Newtown High School is a large secondary school in the residential neighborhood of Elmhurst, in western Queens. Bound by 48th and 50th Avenues, and 90th and 91st Streets, the school occupies an entire city block. The current building is a result of several building campaigns spanning nearly four decades, three architects, and several architectural styles.

The site has had a school since 1866, when a small wooden school house was built to serve the children of Newtown and neighboring farms. The oldest extant portions of the school are from 1921, designed by C. B. J. Snyder in a Flemish Renaissance Revival style. Snyder's choice of this style showed his awareness of New York's and particularly Elmhurst's, beginnings as a Dutch colony. It is one of only a handful of public schools in New York City executed in this style. Snyder's design was built as an addition to the now demolished Boring and Tilton school completed in 1900. His design continued the stepped gables of the original building, and features a dramatic 169-foot, centrally placed tower topped by a cupola and turrets. The tower is visible throughout the neighborhood and gives the school its slogan: "We Tower Above the Rest." The Snyder addition comprises two wings, having granite imitating terra cotta bases, and clad with buff and beige brick, limestone, glazed terra cotta, and decorative ceramic tile, corbelled cornices, multi-soldier flat arch lintels, and sculptural relief on entrance porticoes.

As soon as 1930, another addition was built to accommodate the rapidly growing student population. Architect Walter C. Martin, designed two additional three-story wings, that are stylistically similar but less ornate than the previous Snyder wings. The Martin wings are Clad with buff and beige brick and limestone detailing; one features stepped gables with ceramic tile designs.
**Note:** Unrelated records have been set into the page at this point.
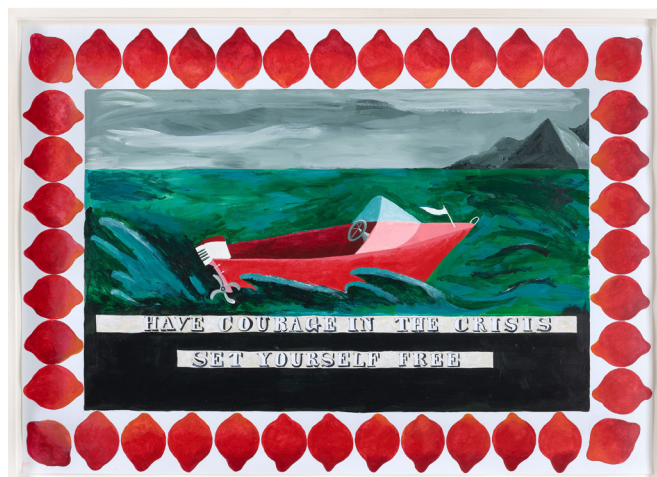
Lubaina Himid, Have Courage in The Crisis Set Yourself Free , 2016 Acrylic on paper 72 x 102 cm British Council Collection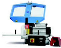
EM 6 P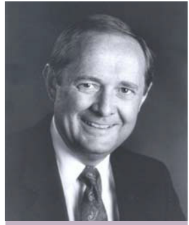
President Turbo Leadership Systems

Engaging Lead ers communicate during uncomfortable situations.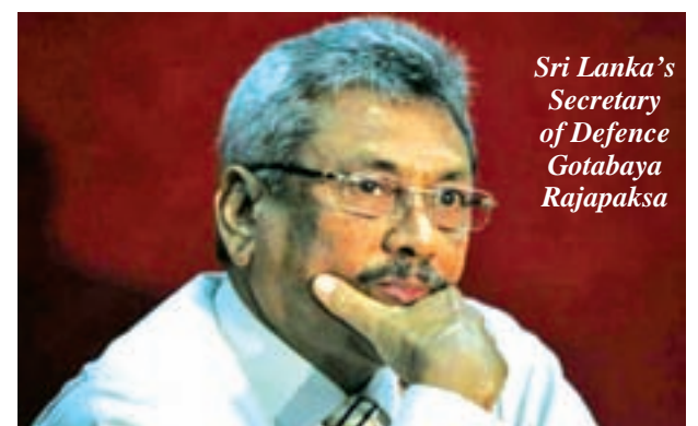
Sri Lanka's Secretary of Defence Gotabaya Rajapaksa

Gotabaya Rajapaksa, who oversaw the military defeat of Tamil Tiger separatists after a 26-year war, is also being investigated by police over abductions, assaults and murders during his brother's time in office. Government spokesman Rajitha Senarathne accuses Gotabaya Rajapaksa of maintaining a "private military" with the floating armoury. Gotabaya Rajapaksa, who has previously denied wrong doing, was not immediately available for comment.—Reuters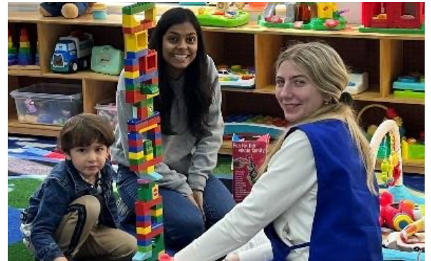
Our Nursery has been blessed with a number of Teen Volunteers who are caring for our youngest ones.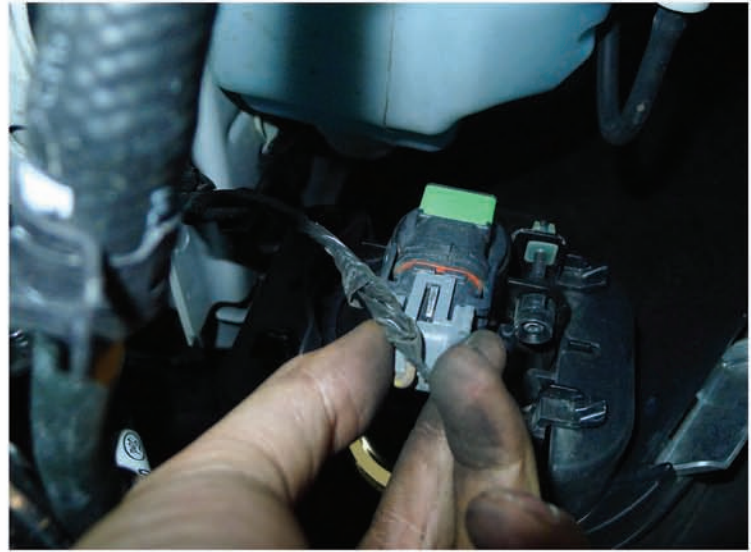
12. Unplug the fog light harness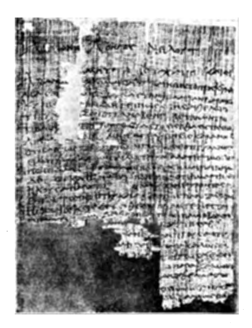
LETTER FROM A PRODIGAL SON TO HIS MOTHER, OF THE SECOND CENTURY A.D. See p. 71.

For the photograph from which this is produced we are indebted to the Director of the Royal Museums, Berlin, to whom our thanks are cordially extended.—Ed.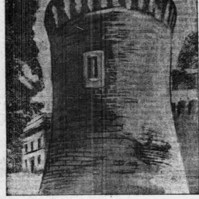
IN THIS IS THE POPE'S PRIVATE BEDCHAMBER—THE ONLY WINDOW OVERLOOKS ST. PETER'S.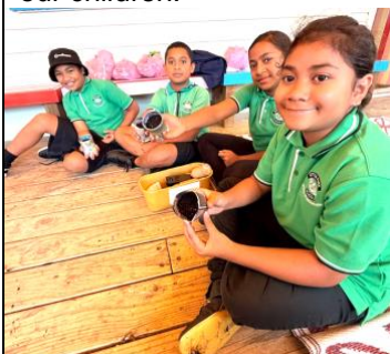
Far Right: R9a at Zero-Waste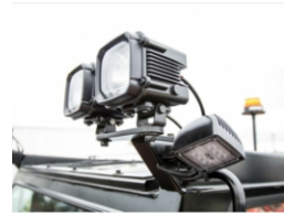
10 LED Work Lights (Standard)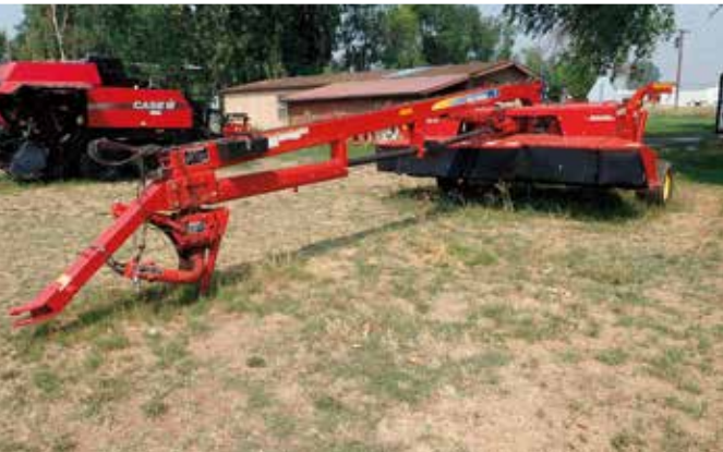
2013 New Holland H7450 13 Ft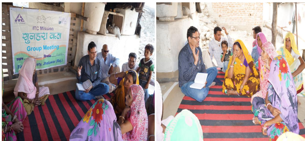
FIGURE 5: EARLY MORNING MEETING WITH BENEFICIARIES.

Community Approaches to Total Sanitation (CATS) Programme in 13 Villages of Kapurthala District is being conducted. Promoting Safe Sanitation for achieving Sustainable ODF is going on in (Blocks- Sunail, Parasali, Dawal, Salari) Jhalawar, Rajasthan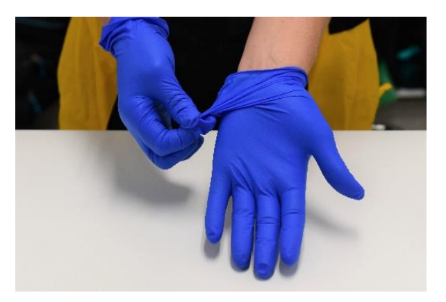
Step 3 : Pull the glove downward until it is removed from the hand, holding the now <u>inside-out</u> glove in the palm of the remaining gloved hand.

Step 1 : To remove the gloves correctly, first pinch and hold the <u>outside</u> of one glove at the top of the cuff and pull away from the wrist.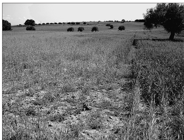
Fig. I – Yellowing and stunting of cereals caused by Meloidogyne artiellia in Sicily.

Identification to species level was made by observing the average morphometric data of 30 second stage juveniles (body length and shape and length of tail) and 30 perineal patterns of females. The observed data were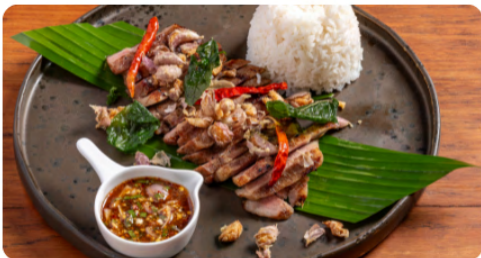
BBQ PORK NECK THB 320 MARINATED IN THAI SAUCE AND HERBS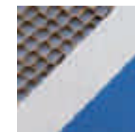
Honeycomb acoustic panels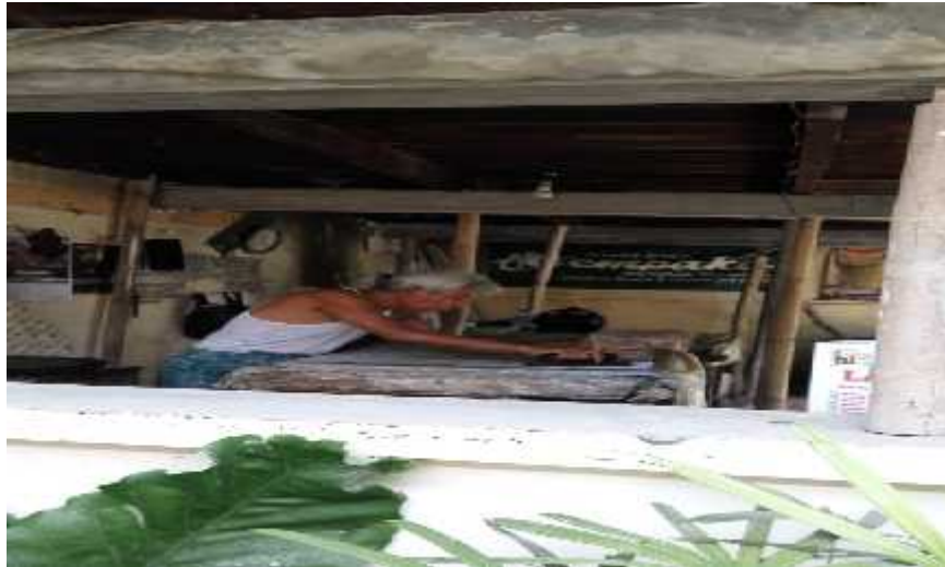
Figure 3. 22. Ngecap Batik Activity

Batik companies that can be found in Laweyan are entirely owned by Javanese people. The famous batik production from the area is printed batik cloth, which is relatively cheap. The term cheap has become a means of promotion that attracts the attention of consumers to leave fine batik, which is unproductive and expensive. The batik tulis production system has become long and slow. With the discovery of " cap " (stamp) system, there will be a change in industrial character that is parallel to the development of production nature from the "craft" "carpentry" system.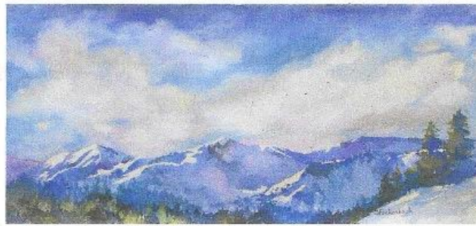
Sapphire Morning - Diane Fechenbach - Watercolor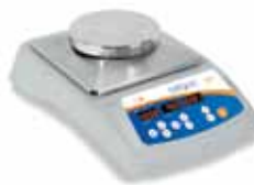
Professional Round Top Hotplate-Stirrers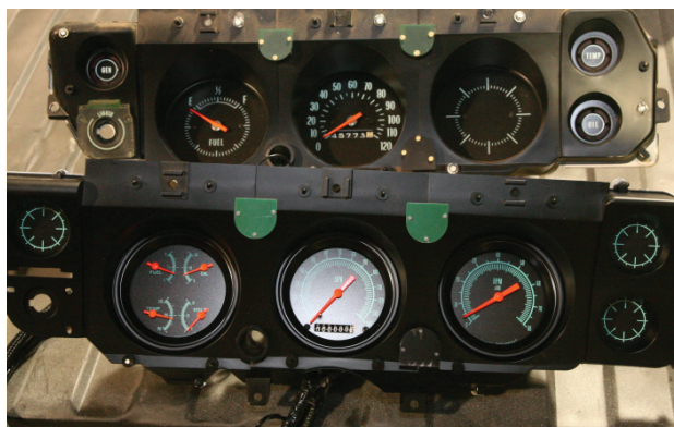
13. Here are the old and new together. Instead of just two gauges and a trio of idiot lights, the Classic Instruments panel gives us six gauges. Before installing the cluster lens, make sure the gauge faces are completely clean of any packing dust or debris.

The most recent addition was completed in 1958 and designed by Maurice E. Salo and Associates. This wing took the place of the original school building by Boring and Tilton which had been deemed by the Board of Education to be deficient and not able to be improved by renovations. Instead of echoing the motifs of the previous additions, the four-story rectangular block addition was designed in the International Style. The steel-frame structure is clad with beige-colored bricks, limestone trim and aluminum panels.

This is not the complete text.